The slot is what makes this work with minimal new API surface. The only new tableam
callback is scan_getnextbatch. The AM fills a batch in whatever representation makes
sense for it — heap fills a HeapTupleData[] via BatchHeapTupleTableSlot, but a columnar
TAM would define its own batch slot type with entirely different internals (column arrays,
perhaps) and its own getsomeattrs. The executor doesn’t care — it sees TupleTableSlot *
and calls the same callbacks either way. That’s how the existing slot abstraction already
works; batching just adds one more slot type on the same pattern.
The tuple-at-a-time contract doesn’t live in the slot — it lives in how the executor
iterates and how often it calls the AM. The slot just holds whatever it’s given. Give it
one tuple, it holds one tuple. Give it a page’s worth, it holds a page’s worth. The
getsomeattrs callback handles the translation either way.
The other thing this establishes is a clean boundary for follow-up work on vectorized qual
evaluation. Once the batch slot carries the tuples, a single additional callback —
slot_getsomeattrs_batch — can produce per-column arrays (Datum *values[attnum][ntuples])

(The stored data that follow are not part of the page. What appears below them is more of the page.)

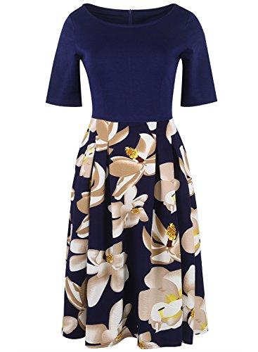 Ladies' Vintage Patchwork Pockets Puffy Swing Casual Party Dress O-Neck,Ball Gown,Fit and Flare.This dress have pockets in side.
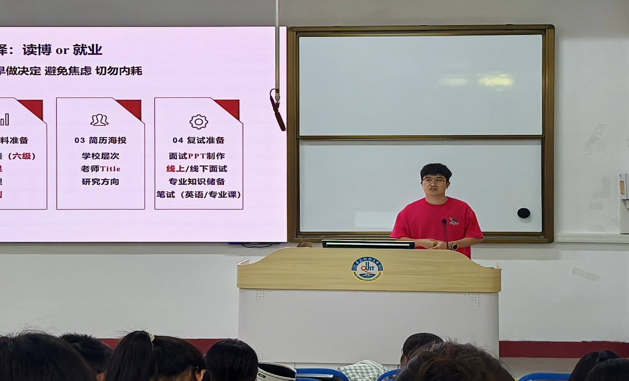 在分享会上,六位优秀毕业生结合自身经历,从不同角度进行细致讲解。在申请流程方面,王桢认真梳理申博关键时间节点,将其划分为前、中、后三个阶段,并从准备难度和准备时间两个维度梳理申博期间所需要递交的文书材料,为同学们提供有益的参考。院校选择策略上,韩晓阳从学术实力、地域优势、发展潜力三个层面筛选院校,并着重介绍如何获取目标院校核心信息及历年招生数据的方法。郭国菊则聚焦备考心理建设,分享“压力-动力转化模型”,引导同学们通过科学目标分解、高效时间管理及适度自我激励实现高效备考。
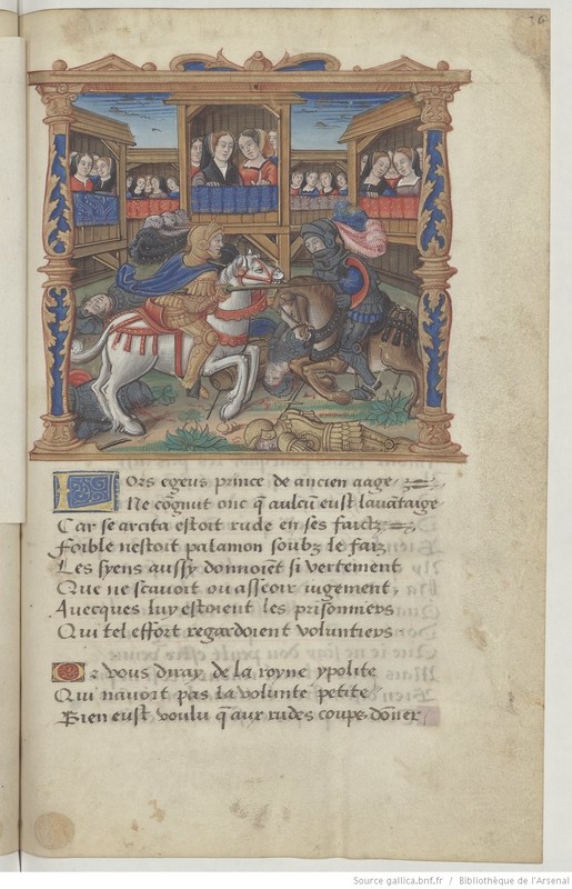 Parigi, Bibliothèque de l'Arsenal, 5116, f. 36r. Davanti alla corte si svolge il duello tra Arcita e Palemone.
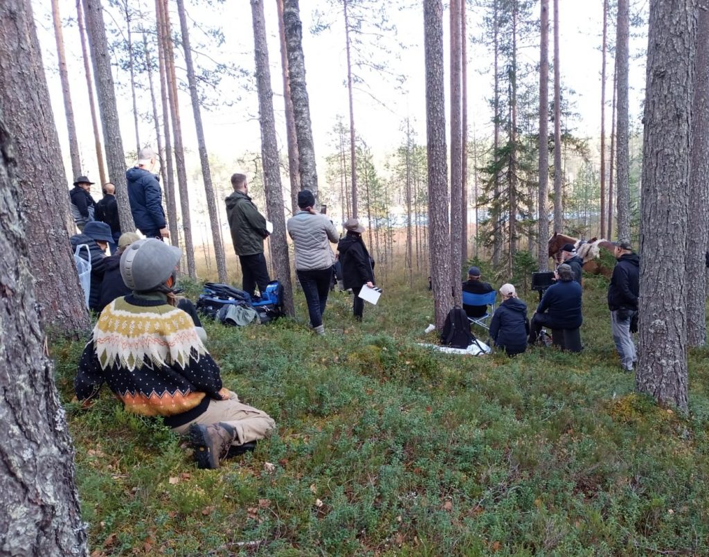 Jännitettiin vähän millaisessa paikassa Hiidenportilla kuvattaisiin. Olin käynyt siellä aiemmin tutustumassa paikkoihin ja todennut että maasto on todella haastavaa: pitkospuita, suota, jyrkkiä rinteitä ja kivikkoa. Onneksi hyvä kuvauspaikka oli löytynyt läheltä parkkipaikkaa, ja siinä pohja oli sammaleista mustikkakangasta mäntyineen. Vieressä oli suolampi. Kelikin oli aurinkoisempi ja sitä kautta hiukan lämpimämpi mitä kuvauksessa Bomballa.
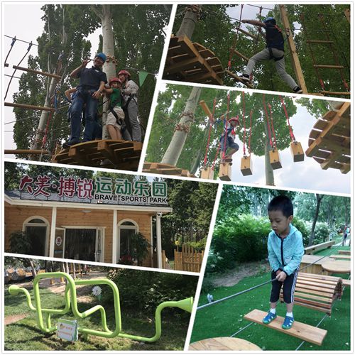 大美搏锐运动公园取自“拼搏、锐意、进取”的内涵,内设有丛林穿越高空拓展、球体攀岩、空中滑索、草坪蹦床等项目。丛林穿越通过在树林间设置各种难易不同、风格迥异的关卡,让孩子们体验丛林攀爬及林间穿越的感受。虽然有些关卡特别难走,有的孩子甚至吓得哇哇大哭,但最后仍能突破自我,完成挑战,在丛林穿越的过程中熔铸了精神。
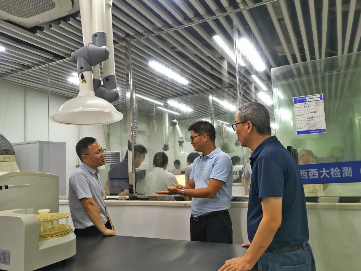 8月26日下午,中国农业科学院农业资源与农业区划研究所副所长张继宗带领国家土壤普查办质量抽验专家组一行,莅临广西西大检测有限公司开展第三次全国土壤普查内业检测质量抽验工作。自治区土壤肥料工作站站长黄文校及自治区产品质量检验研究院相关负责同志随同检查;太阳集团tyc138资产经营公司党委副书记、副董事长、总经理、广西西大检测公司董事长王运东陪同检查。
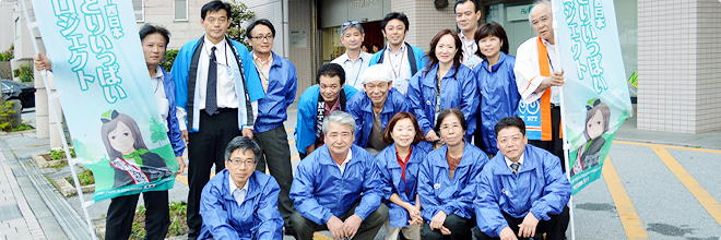 BA西日本沖縄事業所及び沖縄支店総務担当では、毎月1回、合同でNTT城間ビル周辺の清掃活動に取り組んでいます。
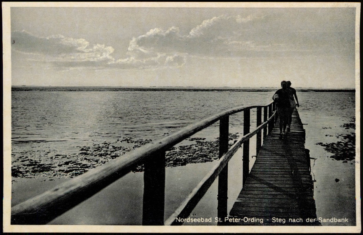 Ansichtskarte: Seebrücke zur Sandbank, Frauen Stimmungsbild - St. Peter-Ording

from whatever the batch holds. For a heap batch slot, that means deforming every tuple in
the batch into columnar form — real work, but done once per batch rather than per tuple. For
a columnar TAM whose getnextbatch already populates native column arrays, the same callback
can be a no-op — the data is already in the right shape. Either way, a vectorized qual
evaluator consumes the same column arrays, and the AM never needs to know it exists. Its job
ends at getnextbatch(). That boundary is what makes the vectorized path possible without a
second round of AM changes.
Looking further ahead, the same slot-based approach extends to passing batches between
executor nodes — not just between the AM and the scan node. I had initially wondered whether
we’d need a separate ExecProcNodeBatch callback on PlanState, so a parent node could call
it instead of the per-tuple ExecProcNode. But if the batch lives in the slot rather than in
a separate container, a parent node can simply inspect the result slot of its child to determine
whether it holds a batch and engage batch-aware logic accordingly. Since all slots are created
during ExecInit, each parent can check its child’s result slot type at init time and select a
batch-aware execution variant — the same pattern used to select ExecSeqScanBatchWithQual vs
ExecSeqScanWithQual. By the time execution starts, the entire tree is wired. A Hash Agg node,
for example, could see that its child’s result slot is a batch slot and hash the entire batch in
one call instead of pulling one tuple at a time. And because a batch slot is still a
TupleTableSlot, a parent that hasn’t been taught batch consumption yet just pulls tuples one at
a time through the existing callbacks — the batch property is there but unused. Each node opts in
independently, at its own pace, with no breakage. The gating piece for this is batch-aware
projection: for a node to output batches in its result slot, the targetlist evaluation for
qualifying tuples must itself be batch-aware. Until that exists, the batch collapses back to
tuple-at-a-time at each node boundary. That’s probably v20 or v21 territory, but nothing about
the current design closes the door.